Big Machine by Victor LaValle
Reviewed by Nathan Weatherford
Powells.com
Attempting to categorize Victor LaValle's Big Machine is an exercise in futility. Take the opening lines:
Don't look for dignity in public bathrooms. The most you'll find is privacy and sticky floors. But when my boss gave me the glossy envelope, the bathroom was the first place I ran. What can I say? Lurking in toilets was my job.
It's your standard hardboiled-detective-novel opening, albeit one where the protagonist is a janitor named Ricky Rice, but the tone is unmistakable and the introduction of the mysterious envelope right off the bat creates an immediate sense of intrigue and expectation. Also, the chapters are fairly short, allowing for the customary dramatic breaks every two to three pages, and how could someone named Ricky Rice not be a gumshoe of some sort?

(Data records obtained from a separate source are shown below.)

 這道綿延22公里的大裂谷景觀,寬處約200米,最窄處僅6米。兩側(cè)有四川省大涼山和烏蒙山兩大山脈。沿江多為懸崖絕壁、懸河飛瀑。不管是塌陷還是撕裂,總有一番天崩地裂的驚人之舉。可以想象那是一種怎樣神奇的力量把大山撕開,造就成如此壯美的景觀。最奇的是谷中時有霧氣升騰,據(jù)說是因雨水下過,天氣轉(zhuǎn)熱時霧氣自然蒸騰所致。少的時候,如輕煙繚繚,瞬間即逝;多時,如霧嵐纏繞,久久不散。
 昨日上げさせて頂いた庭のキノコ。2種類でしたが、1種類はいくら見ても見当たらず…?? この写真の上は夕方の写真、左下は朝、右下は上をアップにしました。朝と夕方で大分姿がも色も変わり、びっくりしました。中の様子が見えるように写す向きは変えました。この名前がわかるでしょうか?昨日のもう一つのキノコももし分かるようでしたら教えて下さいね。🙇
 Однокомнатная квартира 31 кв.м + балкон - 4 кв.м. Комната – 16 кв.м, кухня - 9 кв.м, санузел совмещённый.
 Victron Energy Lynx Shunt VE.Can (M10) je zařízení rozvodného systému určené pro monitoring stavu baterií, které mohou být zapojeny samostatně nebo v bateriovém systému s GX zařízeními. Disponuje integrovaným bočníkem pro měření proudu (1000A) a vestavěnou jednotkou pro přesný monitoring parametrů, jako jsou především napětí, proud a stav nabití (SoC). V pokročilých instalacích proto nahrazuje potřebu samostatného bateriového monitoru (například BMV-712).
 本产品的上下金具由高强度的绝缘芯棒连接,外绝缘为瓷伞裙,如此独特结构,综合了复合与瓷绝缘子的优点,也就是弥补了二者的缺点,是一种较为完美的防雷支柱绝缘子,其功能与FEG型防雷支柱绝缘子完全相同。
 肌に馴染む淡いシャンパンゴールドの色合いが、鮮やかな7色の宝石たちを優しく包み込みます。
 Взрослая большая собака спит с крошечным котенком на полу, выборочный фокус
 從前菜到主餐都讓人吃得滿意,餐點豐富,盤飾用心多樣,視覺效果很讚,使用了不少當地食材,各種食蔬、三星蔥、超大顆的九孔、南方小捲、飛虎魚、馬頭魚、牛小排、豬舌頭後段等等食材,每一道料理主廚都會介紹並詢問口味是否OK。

But by the time the fifth chapter has ended,
Big Machine has begun to resemble something more like a David Lynch film than a Raymond Chandler novel. It turns out that the envelope had a vague invitation with instructions to Ricky in it, as well as personal details that nobody should know. Having only a crummy job cleaning bathrooms tying him down, Ricky follows the instructions, hops on a Greyhound, and ends up being picked up at the station by a huge man named Lake. He is taken to a secret library where he and other "unsavory" types are commissioned to research paranormal reports from various newspapers around the U.S., for purposes that are better left discovered during your first read.

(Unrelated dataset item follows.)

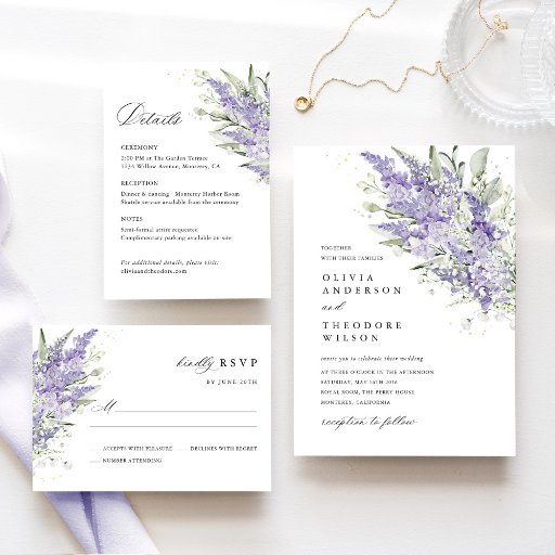 Soft watercolor lavender florals paired with muted greenery create a refined, romantic look—perfect for garden weddings, outdoor ceremonies, and timeless formal celebrations.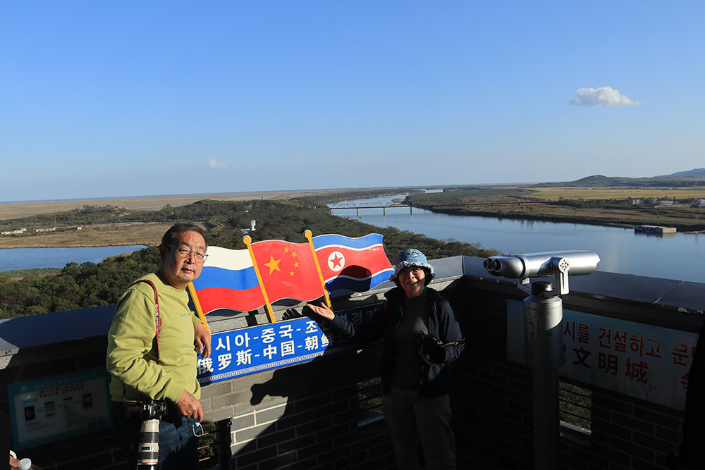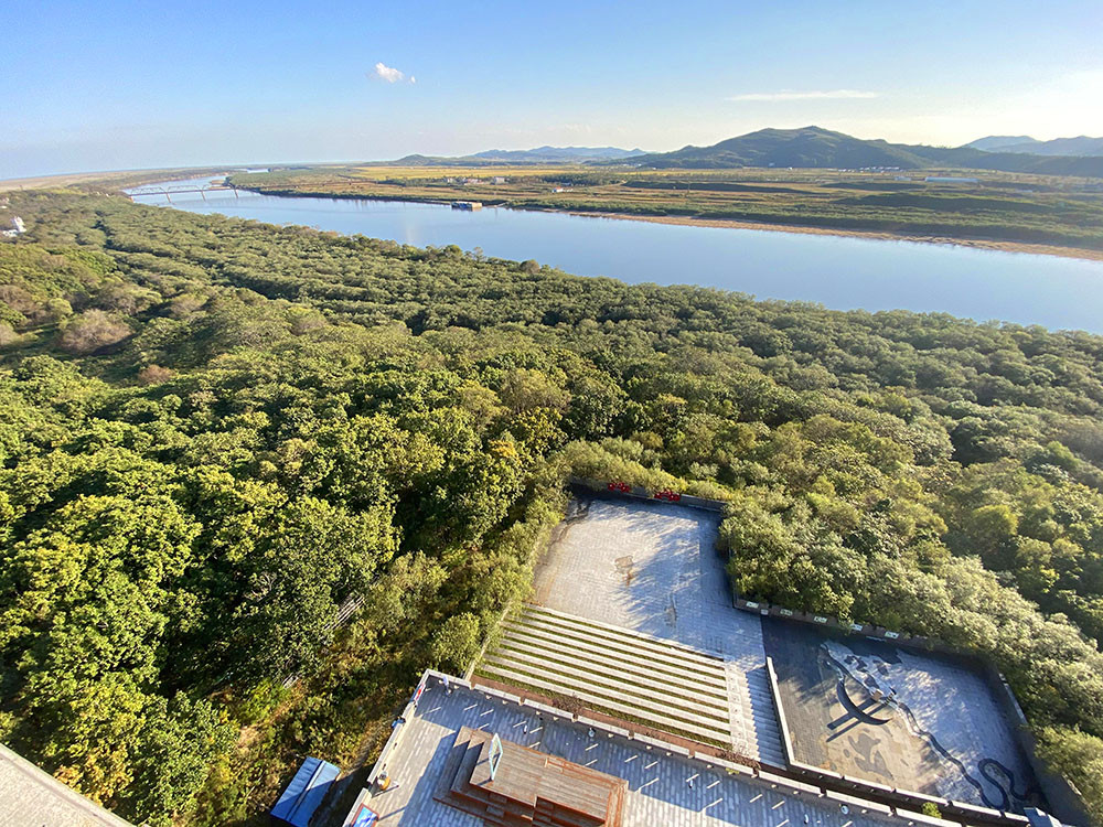 到防川风景区的停车场换乘景区的大巴车,很快就到了边境线上的龙虎阁,那是一座13层的仿古建筑,高64.8米。乘电梯上到观景台上,三国的地貌清晰可见。

This detective-paranormal mash-up might scream "cheesy
X-Files episode" to you, but Ricky's voice is what holds the book together. Stories like this don't work unless you like the narrator, and Ricky's first-person narration is equal parts begrudging and tender, not to mention hilarious. LaValle does a terrific job of introducing mystical, spiritual, and otherwise ethereal themes and ideas through Ricky's no-nonsense lens. Ricky doesn't cut himself or anybody else any slack, and when seemingly magical events transpire around him (and, believe me, there are lots of those to be found), they're made much more believable by virtue of his constant interior monologue, which yields such gems as this:
I've described the color, but there's still the stench to explain. Imagine a dying mule vomiting a soiled diaper all over your sweaty feet. The pipe smelled worse than that. Plus rancid milk was in there somewhere. What a bouquet. Our sniffled breathing made us both sound panicked as our legs sloshed through the pancake batter.

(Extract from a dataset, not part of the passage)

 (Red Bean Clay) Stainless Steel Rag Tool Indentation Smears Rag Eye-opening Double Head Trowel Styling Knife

Toward the middle of the novel, LaValle begins to incorporate Ricky's backstory from his youth into interstitial chapters woven into the main plot. This serves the dual purpose of providing more insight into why Ricky sees the world the way he does and deepening the thematic tension between the physical and spiritual worlds that forms the backbone of the novel's plot. It's also an ingenious way of forcing the reader to keep turning those pages. Whenever the main plot threatens to lose some of its momentum, the story of Ricky's childhood, by turns fascinating and frightening, is enough to make up the difference (thanks for the late nights, LaValle). Surrounded by adults who hold extremely eccentric religious beliefs, young Ricky already is in full possession of his trademark wit but doesn't have the emotional maturity to back it up. Suffice it to say, events transpire that force his hand when it comes to maturation, and LaValle creates some of his most indelible imagery to capture the moment in Ricky's youth when his childhood officially ends. It's a chilling scene that I won't spoil here, and it serves to establish a legitimate reason for Ricky's hard-won sense of humor and his pursuit of the unknown that forces him onward.
I feel completely confident in recommending
Big Machine to anyone in need of a page-turner unlike any you've read before. Here you'll find science fiction, hard literature, mystery, horror, and even some romance as an added bonus. Give the first chapter a quick read, and tell me you don't love Ricky Rice already.